ASCII art from 1943
While reading this article on "ASCII art in 1939", I remembered a carbon copy which I found in an old atlas. It's a portrait of president Franklin D. Roosevelt, made on a typewriter in 1943 by my father Roger Van Braekel, then 13 years old and living in nazi-occupied Belgium.
I asked him how he made it. "I saw it in a youth magazine called 'Ons Volkske', and I copied it character by character", he recalled. It was called "typewriter art" back then, as the ASCII standard didn't emerge until 1967.
Reacties
Elliot Essman
zondag, 10 september, 2006 - 02:18Philosophically, when you boil it all down, this shows how complex simple elements can be -- infinitely complex.
dominiek de schepper
vrijdag, 1 september, 2006 - 00:27dit tijdstip kan me geen ballen schelen
back to history lessons kids!
bonna
woensdag, 9 augustus, 2006 - 00:30Nice little history Luc, your dad did a good job.
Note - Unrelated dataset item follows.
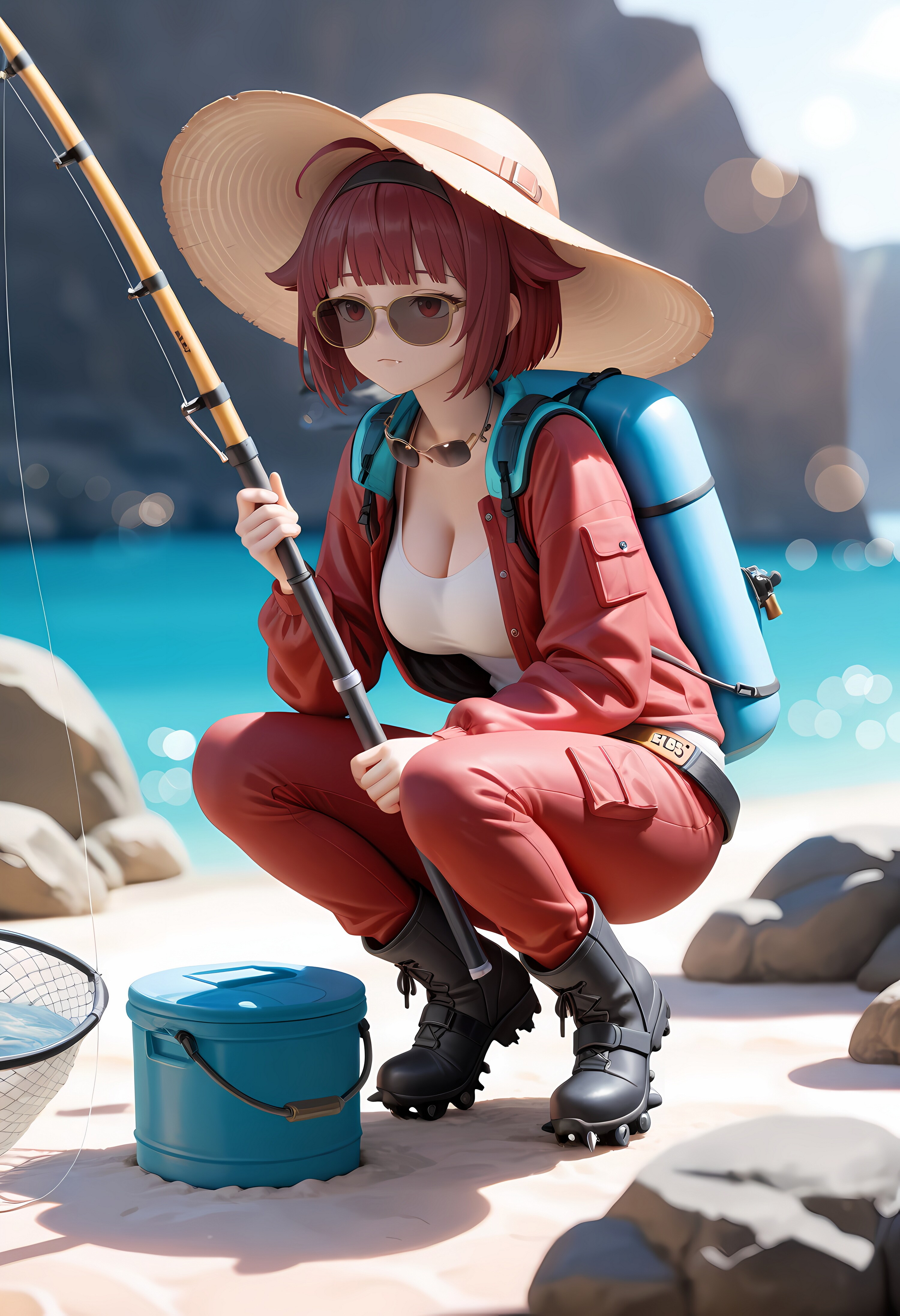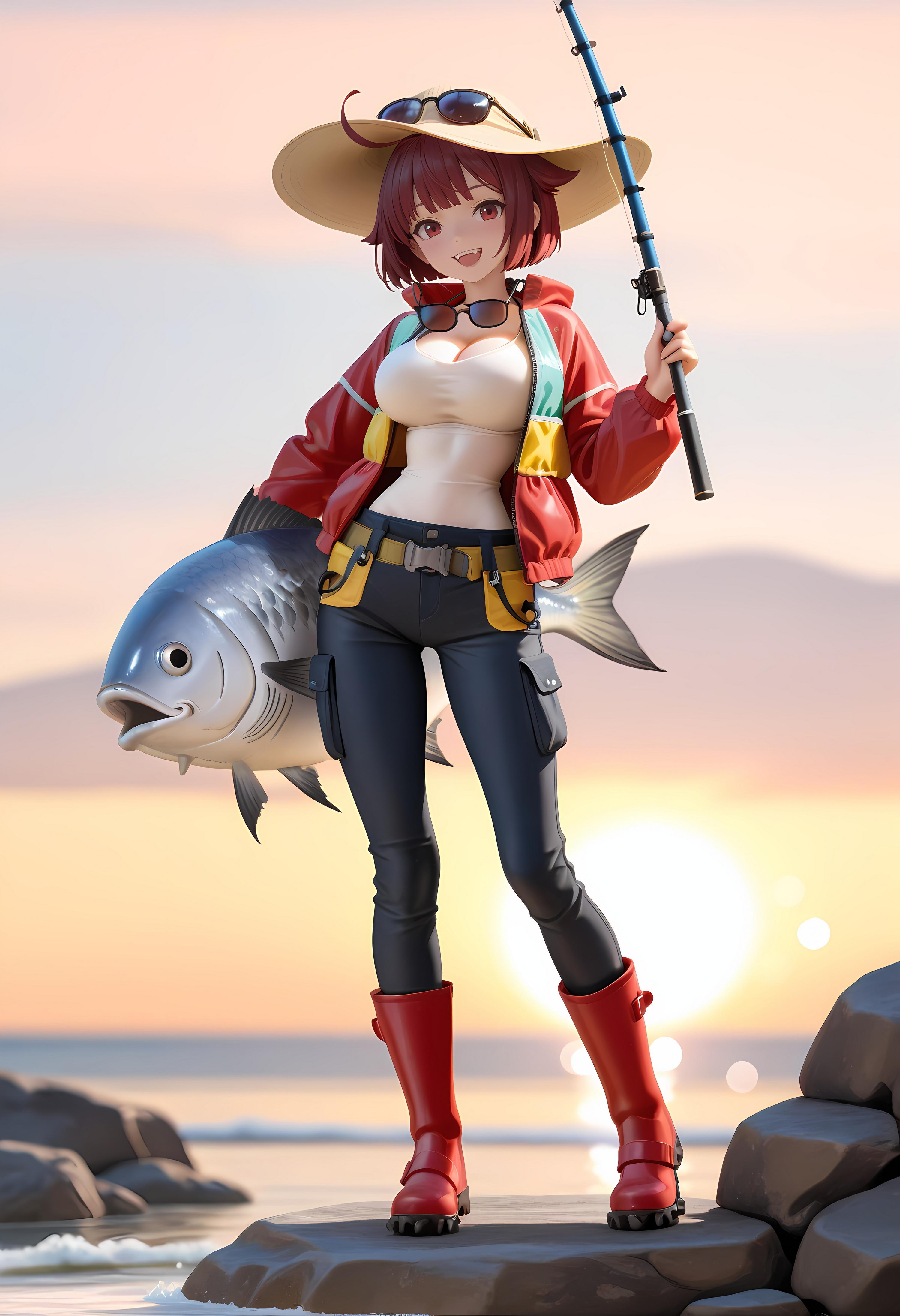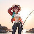 jacket partially removed, heart in eye, burnt clothes, holding fishing rod, kanji, doujin cover, pentagram, tape gag, adjusting headwear, red socks, friends, cloud print, coke-bottle glasses, oral invitation, competition school swimsuit, barbell piercing, gradient legwear, prisoner, blood on breasts, wind chime, carrying over shoulder, tape measure, flaming weapon
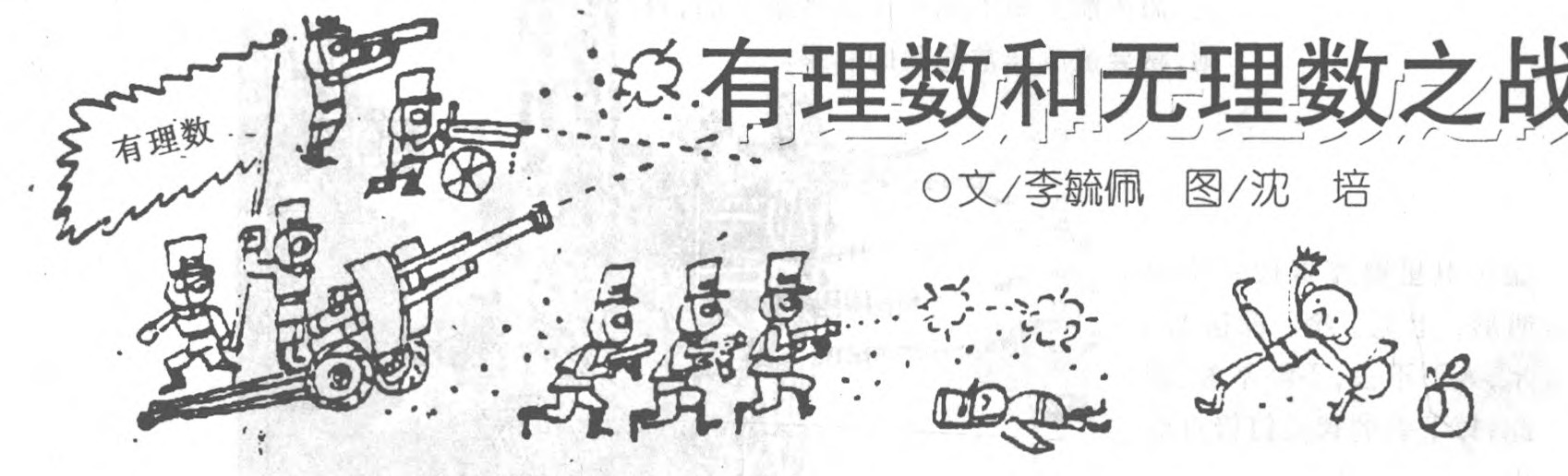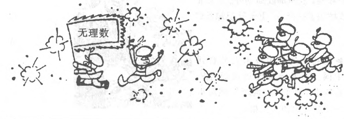 “深更半夜,哪来的枪声? ”小毅爬上屋后的小山一看,啊呀,山那边摆开了战场,两军对垒打得正凶。一方的军旗上写着“有理数”;另一方的军旗上写着“无理数”。

You are right to be proud!
Jöe
donderdag, 3 augustus, 2006 - 20:51"When I was young and blindingly handsome (you can, alas, scrap the former now)"
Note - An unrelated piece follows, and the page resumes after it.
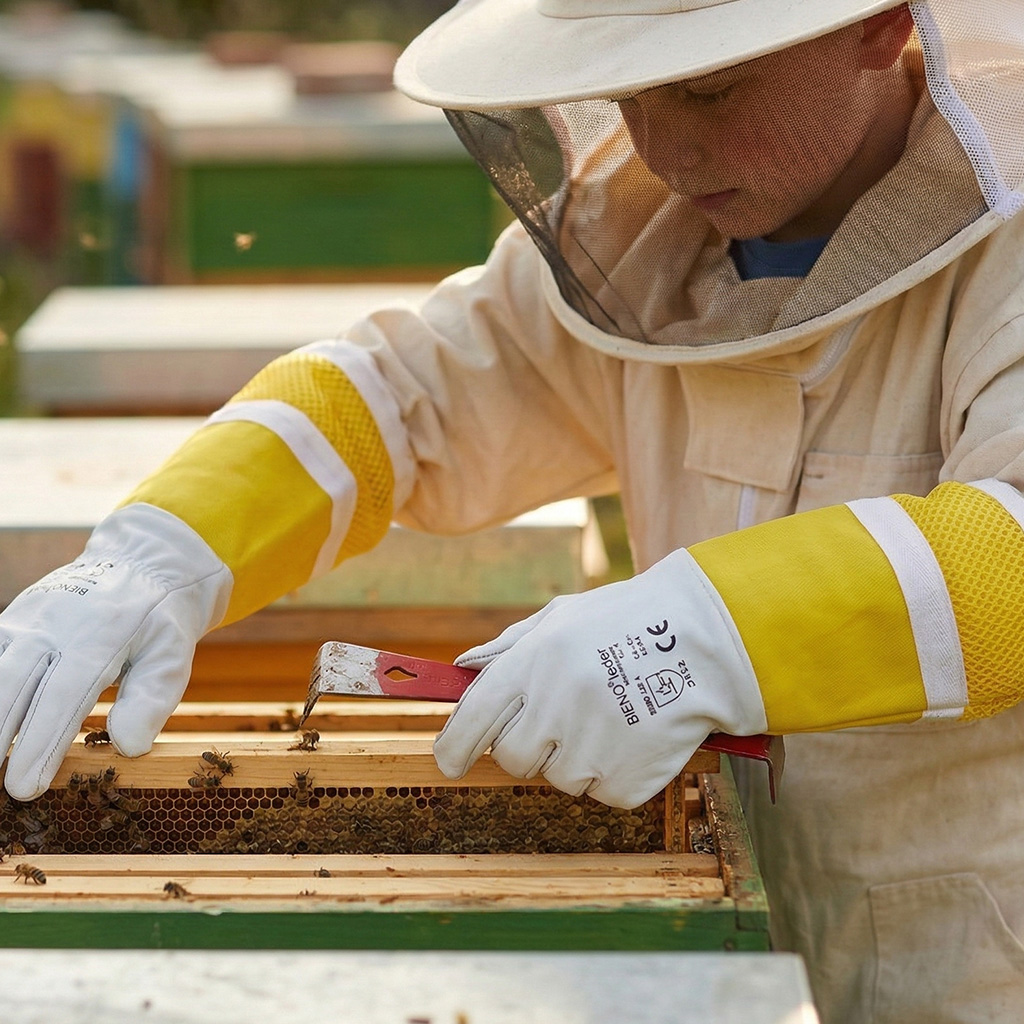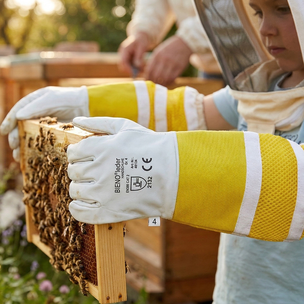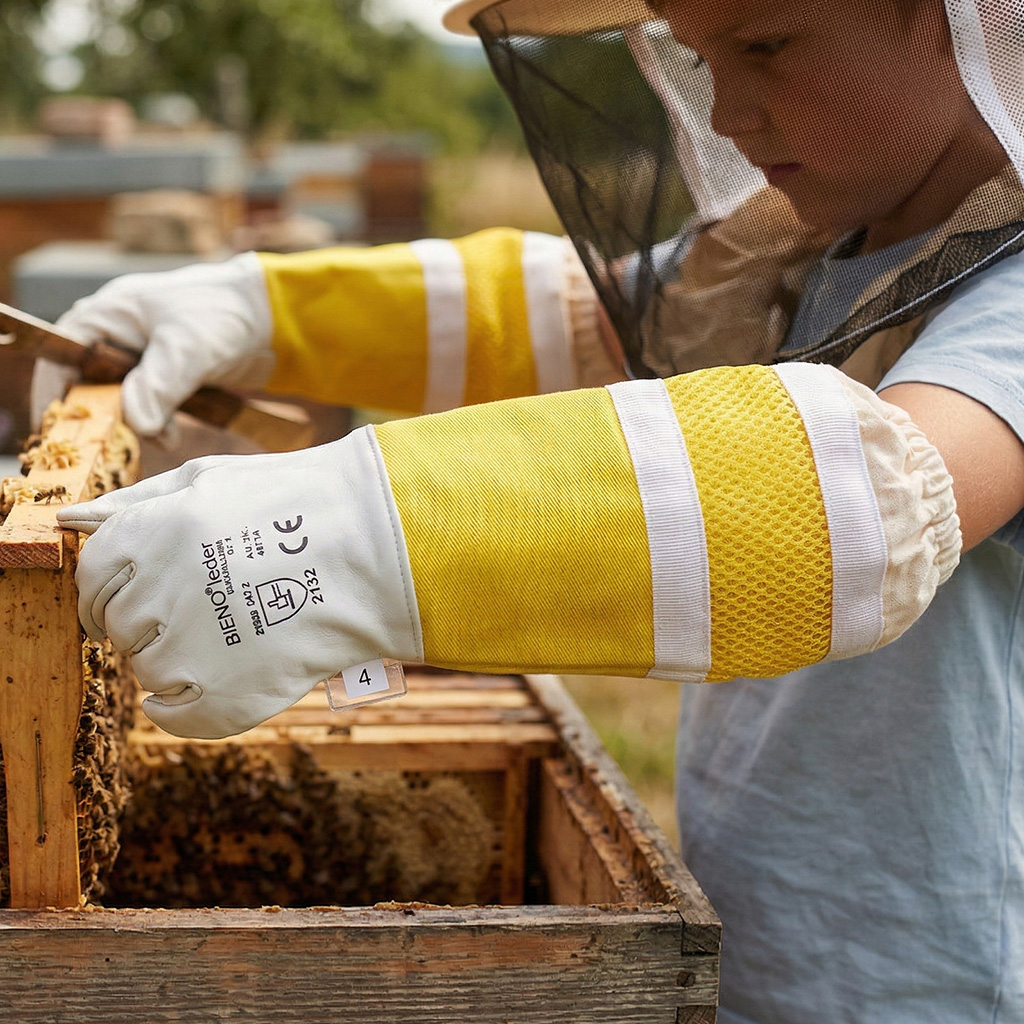 Quando si lavora con le api, è fondamentale non solo la protezione, ma anche il senso di sicurezza – soprattutto per i bambini. Il manicotto tessile melarioto aderisce saldamente all'avambraccio e aiuta a prevenire l'ingresso delle api nella manica. I bambini possono così concentrarsi sulle corrette abitudini durante l'ispezione della famiglia di api e la manipolazione dei telaini, senza essere inutilmente distratti dalla paura delle punture. Guanti ben aderenti favoriscono inoltre un lavoro più tranquillo, che è sempre vantaggioso sia per le api che per l'apicoltore.

Mike: I suppose we should not scrap the latter?
Cogito
woensdag, 2 augustus, 2006 - 21:05I really love those Mechanix comics. It reflects the atmosphere of the optimistic view upon the future we had until the early 70s. As a kid I really dreamt of this science-and-technology future (the Jetsons!), but in the 70s this kind of real progress was blocked by a 'new' ideology that put a brake on all our futuristic aspirations: environmentalism. It robbed us of our <vooruitgangsoptimisme> (does anyone know how to translate this word in English?), it robbed us of our ... future,calling our view upon the future 'naive' though it was this view that already for 200 years had enabled mankind to make real progress. Now they are at last achieving a total stop in progress in Europe, and call it ... progress. I consider environmentalism an even greater threat to mankind than socialism, with which it is however inseparably interwoven.
Peter Fleming
woensdag, 2 augustus, 2006 - 13:43Now we know where Luc got his Americano-philia from
Outlaw Mike
woensdag, 2 augustus, 2006 - 00:02And Kudos to Roger VB!!! Actually doing such a thing was not without risk. It would have been better for his health had he asciid Uncle Adolph.
Outlaw Mike
dinsdag, 1 augustus, 2006 - 23:59When I was young and blindingly handsome (you can, alas, scrap the former now) I used to read "Ons Volkske" weekly. It was a cartoon magazine and some main characters were "Dommel", a big fat silly white dog of unspecified race, Chick Bill (a cowboy), Robin Hood, Jugurtha etc etc. I preferred "Robbedoes" however. On the whole there were more bikinis in that one, plus, they had Natasja, you know, the stewardess with the fantastic knockers. Btw, Huug, at first sight I too thought it was Gorby.
LVB
dinsdag, 1 augustus, 2006 - 22:36@Filip: "Het Volkske" was the weekly youth addendum of "Het Volk", see http://en.wikipedia.org/wik... .
But there was also a weekly magazine "Ons Volk", see http://verzamel.2dehands.be... and "Ons Volkske" was probably the youth addendum of "Ons Volk". And probably unrelated to newspaper "Het Volk".
Filip
dinsdag, 1 augustus, 2006 - 22:28If I remember right, "Ons Volkse" was the weekly addendum for the youth of the newspaper 'Het Volk".
LVB
dinsdag, 1 augustus, 2006 - 22:21Actually, at this moment my father is in doubt whether the magazine was called "Ons Volk" or "Ons Volkske".
Huug
dinsdag, 1 augustus, 2006 - 21:23Knap. Ik dacht eerlijk gezegd eerst dat het 'Gorbi' was. ;-)
Björn Roose
dinsdag, 1 augustus, 2006 - 21:13Read a number of copies of "Ons Volkske" when I was younger (it still existed in the seventies), where amongst others "De Gouden Stuntman" was published.
Nice typewriter art. A lot better than the stuff we made when in typing class :-)
FRaNKy
dinsdag, 1 augustus, 2006 - 20:54Nice.. And nice story to go with it.